But the real problem is that now the test code will exhibit undefined behaviour (in Visual C++ 2010 debug builds, it crashes).
Mr Maintainer is surprised by this, but adds a defensive check to send_message in an attempt to stop the problem happening:
void send_message(const std::shared_ptr<std::string> &msg)
{
if (msg == 0)
return;
But of course it still goes ahead and crashes, because msg is never null when send_message is called.
As I say, with all the code so close together in a trivial example, it's easy to find the mistake. But in real programs, with more complex relationships between mutable objects that hold pointers to each other, it is easy to make the mistake, and hard to construct the necessary test cases to detect the mistake.
The easy solution, where you want a function to be able to rely on a shared_ptr continuing to be non-null throughout, is for the function to allocate its own true shared_ptr, rather than relying on a reference to an existing shared_ptr.
The downside is that copied a shared_ptr is not free: even "lock-free" implementations have to use an interlocked operation to honour threading guarantees. So there may be situations where a program can be significantly sped up by changing a shared_ptr into a shared_ptr &. But it this is not a change that can be safely made to all programs. It changes the logical meaning of the program.
Note that a similar bug would occur if we used std::string throughout instead of std::shared_ptr<std::string>, and instead of:
previous_message = 0;
to clear the message, we said:
previous_message.clear();
Then the symptom would be the accidental sending of an empty message, instead of undefined behaviour. The cost of an extra copy of a very large string may be a lot more significant than the cost of copying a shared_ptr, so the trade-off may be different.
I would advise against this practice unless you and the other programmers you work with really, really know what you are all doing.
First, you have no idea how the interface to your class might evolve and you want to prevent other programmers from doing bad things. Passing a shared_ptr by reference isn't something a programmer should expect to see, because it isn't idiomatic, and that makes it easy to use it incorrectly. Program defensively: make the interface hard to use incorrectly. Passing by reference is just going to invite problems later on.

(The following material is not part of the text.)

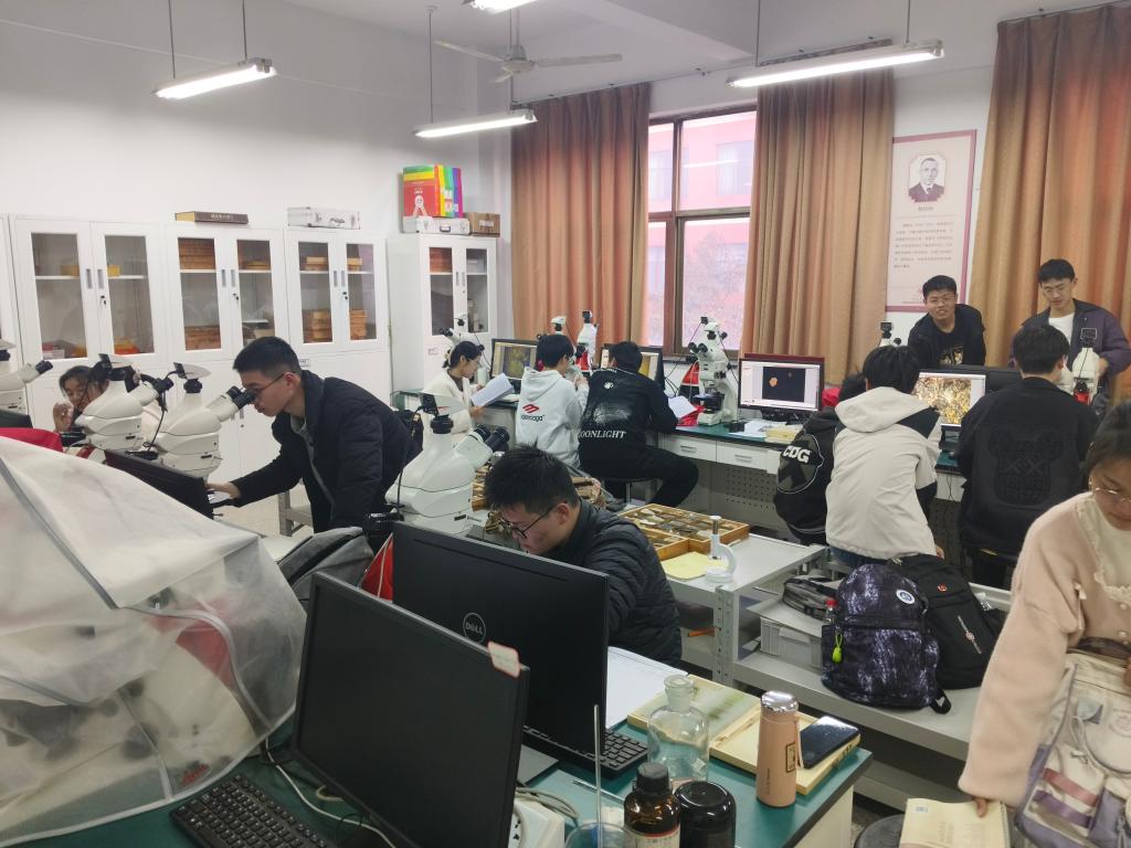 于资环楼三楼显微镜室开展了第七届全国大学生地质技能大赛赛前系列培训活动之岩浆岩专题培训,本次培训由抖音风

Second, don't optimize until you know this particular class is going to be a problem. Profile first, and then if your program really needs the boost given by passing by reference, then maybe. Otherwise, don't sweat the small stuff (i.e. the extra N instructions it takes to pass by value) instead worry about design, data structures, algorithms, and long-term maintainability.

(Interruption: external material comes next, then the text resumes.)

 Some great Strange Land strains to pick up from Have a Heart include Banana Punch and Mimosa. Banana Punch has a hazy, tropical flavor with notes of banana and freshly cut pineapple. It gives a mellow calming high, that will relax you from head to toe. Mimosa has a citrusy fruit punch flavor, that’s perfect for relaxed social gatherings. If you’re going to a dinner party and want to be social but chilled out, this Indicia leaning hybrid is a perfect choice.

Yes, taking a reference is fine there. You don't intend to give the method shared ownership; it only wants to work with it. You could take a reference for the first case too, since you copy it anyway. But for first case, it takes ownership. There is this trick to still copy it only once:
void ClassA::take_copy_of_sp(boost::shared_ptr<foo> sp) {
m_sp_member.swap(sp);
}
You should also copy when you return it (i.e not return a reference). Because your class doesn't know what the client is doing with it (it could store a pointer to it and then big bang happens). If it later turns out it's a bottleneck (first profile!), then you can still return a reference.
Edit: Of course, as others point out, this only is true if you know your code and know that you don't reset the passed shared pointer in some way. If in doubt, just pass by value.
It is sensible to pass shared_ptrs by const&. It will not likely cause trouble (except in the unlikely case that the referenced shared_ptr is deleted during the function call, as detailed by Earwicker) and it will likely be faster if you pass a lot of these around. Remember; the default boost::shared_ptr is thread safe, so copying it includes a thread safe increment.
Try to use const& rather than just &, because temporary objects may not be passed by non-const reference. (Even though a language extension in MSVC allows you to do it anyway)
In the second case, doing this is simpler:
Class::only_work_with_sp(foo &sp)
{
...
sp.do_something();
...
}
You can call it as
only_work_with_sp(*sp);
I would avoid a "plain" reference unless the function explicitely may modify the pointer.
A const & may be a sensible micro-optimization when calling small functions - e.g. to enable further optimizations, like inlining away some conditions. Also, the increment/decrement - since it's thread safe - is a synchronization point. I would not expect this to make a big difference in most scenarios, though.
Generally, you should use the simpler style unless you have reason not to. Then, either use the const & consistently, or add a comment as to why if you use it just in a few places.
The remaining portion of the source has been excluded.